- Stored data
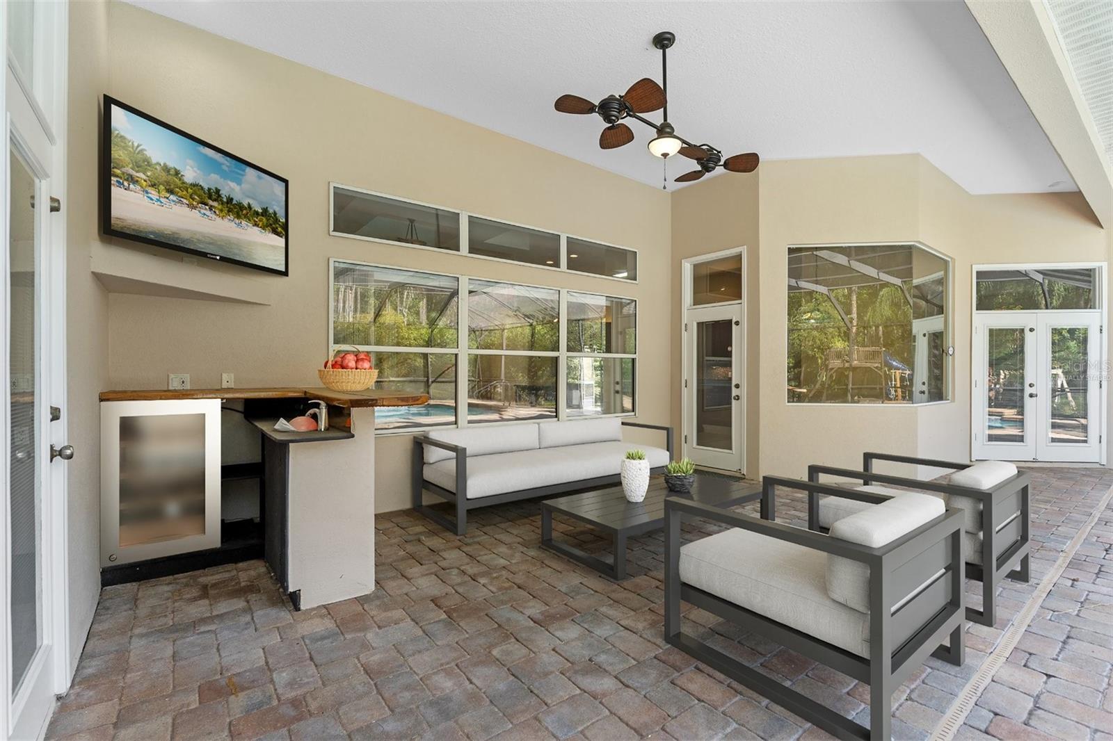 Experience refined living in this private estate gracefully positioned on more than three-quarters of an acre in the prestigious Hunters Ridge community. Encompassing 4,335 square feet, this executive pool residence blends timeless design with modern functionality, offering the ideal backdrop for intimate gatherings and grand entertaining alike. Upon entry, soaring 14-foot tray and coffered ceilings, rich hardwood flooring, and a seamless open layout connect the formal dining room, great room and gourmet kitchen. Every detail has been thoughtfully curated to elevate daily living. From the dedicated home office to the expansive bonus suite with a private balcony, ideal as a secondary en-suite, multigenerational retreat or state-of-the-art media room. Outdoors, an enclosed lanai frames a sparkling pool with water features, all overlooking a tranquil preserve backdrop that offers natural beauty and privacy. The Tesla solar system with whole-home battery backup provides efficient, sustainable power and acts as a generator during outages, while the oversized three-car garage offers built-in storage and a Tesla EV charger. Set within a tranquil enclave yet minutes from shopping, dining, major highways and multiple area beaches, this property captures a blend of luxury, innovation and Florida living.
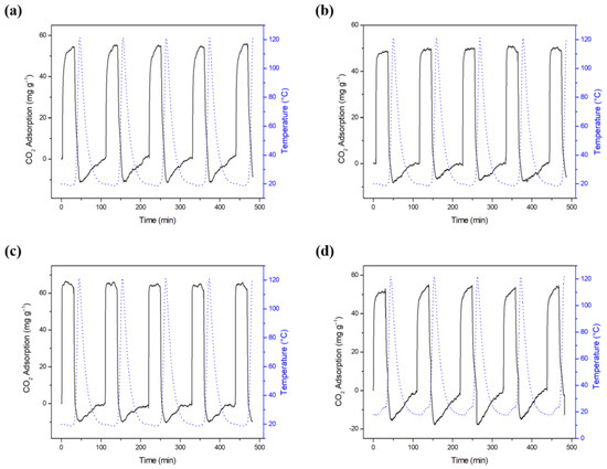 CO2 adsorption cycles in biochars (a) FIB.700, (b) ALM.700, (c) END.700 and (d) DOA.700.
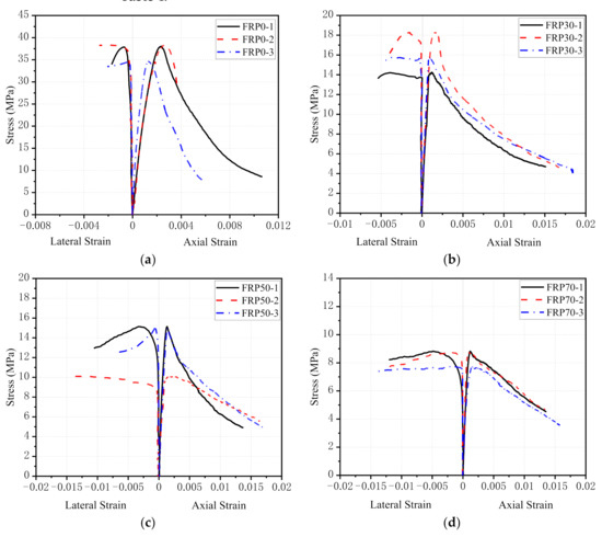 Figure 11 shows the relationship between axial strain and lateral strain for all specimens. For NAC specimens (FRP0 group), when the stress of concrete was low, the curve developed almost linearly. The slope of the curve increased sharply when the axial strain reached about 60–80% of the peak strain, which was caused by the rapid development of micro-cracks in concrete. For RFAC, the lateral deformation of the FRP30 group was larger than that of NCA concrete when . At larger , the lateral strain of NCA concrete increased rapidly until failure occurred, whereas the lateral strain of the FRP30 group increased much slower but reached much larger values than that of NCA concrete at failure. When the replacement ratio of RGFA ranged from 30% to 70%, the lateral strain increased with increasing replacement ratio under the same axial strain, which reflected that the more RGFA content resulted in a greater lateral expansion of concrete, as shown in Figure 7. When , the axial and lateral strain curve of the FRP100 was similar to that of FRP30. With the further increase of , the lateral strain of FRP100 was much larger than that of FRP30 at the same axial strain. However, the lateral strain of FRP100 was smaller than that of FRP70 and FRP50 at the same axial strain when the axial strain was larger than a certain value.
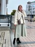 華やかなフレアシルエットが可愛いタフタワンピースは、上半身のスッキリ感と下半身のふんわり感が絶妙なアイテム ハリ感のある素材で程よく体型カバーしてくれる優れものです インナーのリブニットは高すぎないハイネックで首元スッキリ◎骨格ストレートさんにもオススメです ウォッシャブルのホワイトダウンを合わせて、大人のちょっとそこまでお出かけコーデに (ニットとワンピースはリアルバイです!楽チンで可愛くてお気に入り◎) [着用サイズ] ダウン:38 ニット:38 ワンピース:38

- Work task
The expected output is an exact retyping of the lines from the line with "Figure 11 shows" through the last line of the data, with both ends kept and the pictures dropped.

- Solution for this exercise
 Figure 11 shows the relationship between axial strain and lateral strain for all specimens. For NAC specimens (FRP0 group), when the stress of concrete was low, the curve developed almost linearly. The slope of the curve increased sharply when the axial strain reached about 60–80% of the peak strain, which was caused by the rapid development of micro-cracks in concrete. For RFAC, the lateral deformation of the FRP30 group was larger than that of NCA concrete when . At larger , the lateral strain of NCA concrete increased rapidly until failure occurred, whereas the lateral strain of the FRP30 group increased much slower but reached much larger values than that of NCA concrete at failure. When the replacement ratio of RGFA ranged from 30% to 70%, the lateral strain increased with increasing replacement ratio under the same axial strain, which reflected that the more RGFA content resulted in a greater lateral expansion of concrete, as shown in Figure 7. When , the axial and lateral strain curve of the FRP100 was similar to that of FRP30. With the further increase of , the lateral strain of FRP100 was much larger than that of FRP30 at the same axial strain. However, the lateral strain of FRP100 was smaller than that of FRP70 and FRP50 at the same axial strain when the axial strain was larger than a certain value.
 華やかなフレアシルエットが可愛いタフタワンピースは、上半身のスッキリ感と下半身のふんわり感が絶妙なアイテム ハリ感のある素材で程よく体型カバーしてくれる優れものです インナーのリブニットは高すぎないハイネックで首元スッキリ◎骨格ストレートさんにもオススメです ウォッシャブルのホワイトダウンを合わせて、大人のちょっとそこまでお出かけコーデに (ニットとワンピースはリアルバイです!楽チンで可愛くてお気に入り◎) [着用サイズ] ダウン:38 ニット:38 ワンピース:38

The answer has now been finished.